Since Nov. 15, Pence has tweeted just three times about supposed election irregularities. Two of those tweets were links to news stories, shared without comment, about recount and vote audit efforts in Georgia, and one simply retweeted a reporter’s quotation of Pence’s comments at that Nov. 20 rally, where Pence declared that Trump would “keep fighting until every legal vote is counted” and “every illegal vote is thrown out.”

Pence made other similarly anodyne comments in his remarks that tiptoed around the president’s allegations of widespread voter fraud. But he also repeatedly called on Georgia Republicans to “defend the majority” in the U.S. Senate—a tacit acknowledgement that, if Democrats win both Georgia Senate seats, a Vice President Kamala Harris would break the upper chamber’s 50-50 split and give her party a majority.

That unspoken premise is a reality that Republican operatives and the party’s top donors have acknowledged even as the president remains obstinate.

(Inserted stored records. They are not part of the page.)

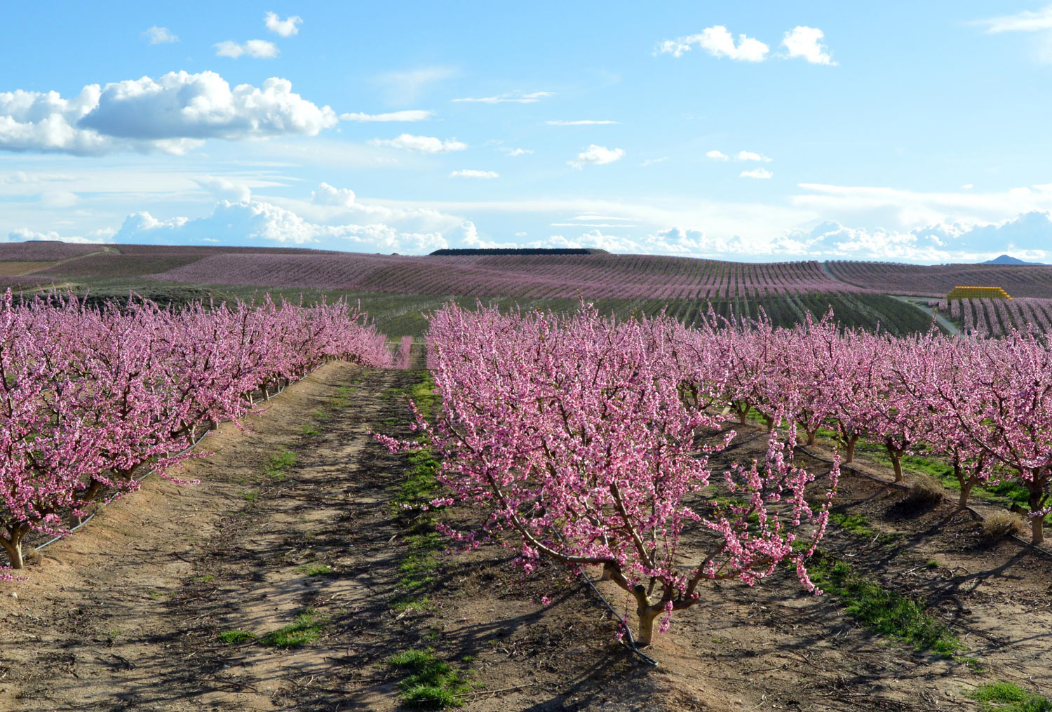 Fig 10. El monocultivo de melocotoneros en Aitona deja unas preciosas estampas en marzo./ C. Pradera 04-2018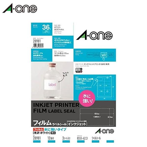 【A4サイズ】エーワン/インクジェットプリンタ対応ラベル(28981)12面 3シート・36片 四辺余白付 角丸 水に強いタイプ 光沢フィルム・ホワイト/A-one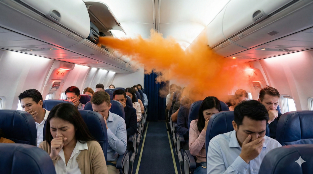 もし機内で熊スプレーが誤作動してしまうと、狭く密閉された客室に高濃度のカプサイシンが充満し、乗客だけでなく乗務員やパイロットまで激しいせき込みと視界不良に襲われます。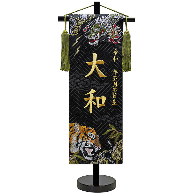 刺繍入り名前旗【神威龍虎伝】 生年月日入り 飾台付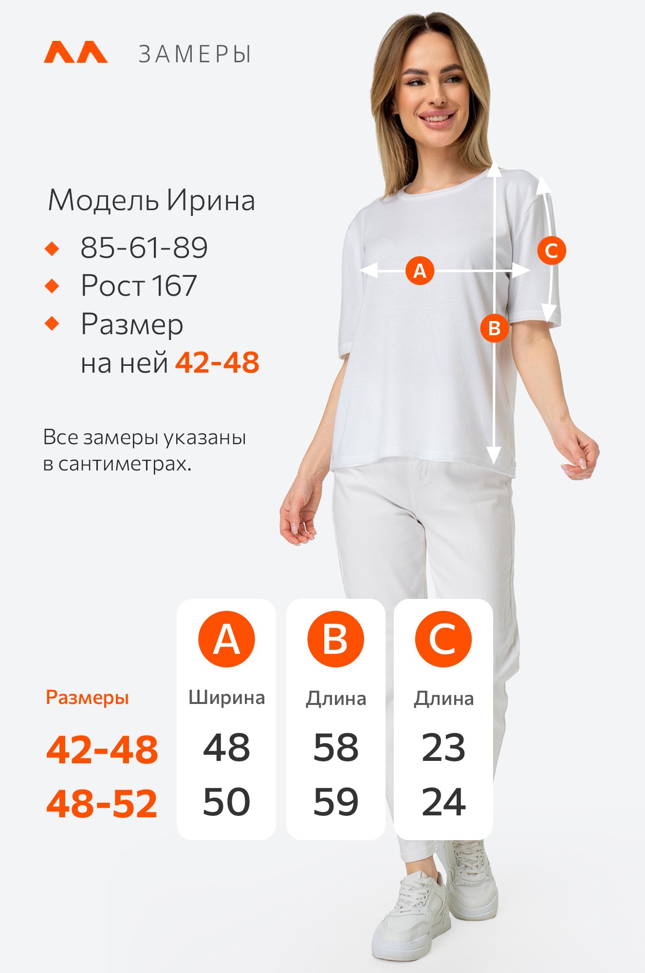 Размер 42-48: длина:58 см; ширина:48 см; длина рукава внешняя:23 см; длина рукава внутренняя:9 см.

“I have not seen any evidence yet that would convince me that [the Trump legal team] will be successful in getting this to the Supreme Court or even anything to an appeals court,” Ed Rollins, a veteran GOP strategist who chairs the pro-Trump group Great America PAC, said on Wednesday. “I’m disappointed in the effort, as someone who has been around the game for a long time. I’ve seen a lot of ranting and raving from them, but not any really good legal challenges. Neither Rudy nor Sidney [Powell] nor anybody else on the team is considered a first-rate election lawyer and I don’t see any on this team.”

On Wednesday, Pence went to Capitol Hill to participate in the swearing-in of Sen. Mark Kelly (D-AZ)—an act that implicitly conceded the validity of the elections in Arizona. Hours later, Trump put out a 46-minute-long speech in which he called for the results in six battleground states, including Arizona, to be overturned and for him to remain president. Pence was not by his side.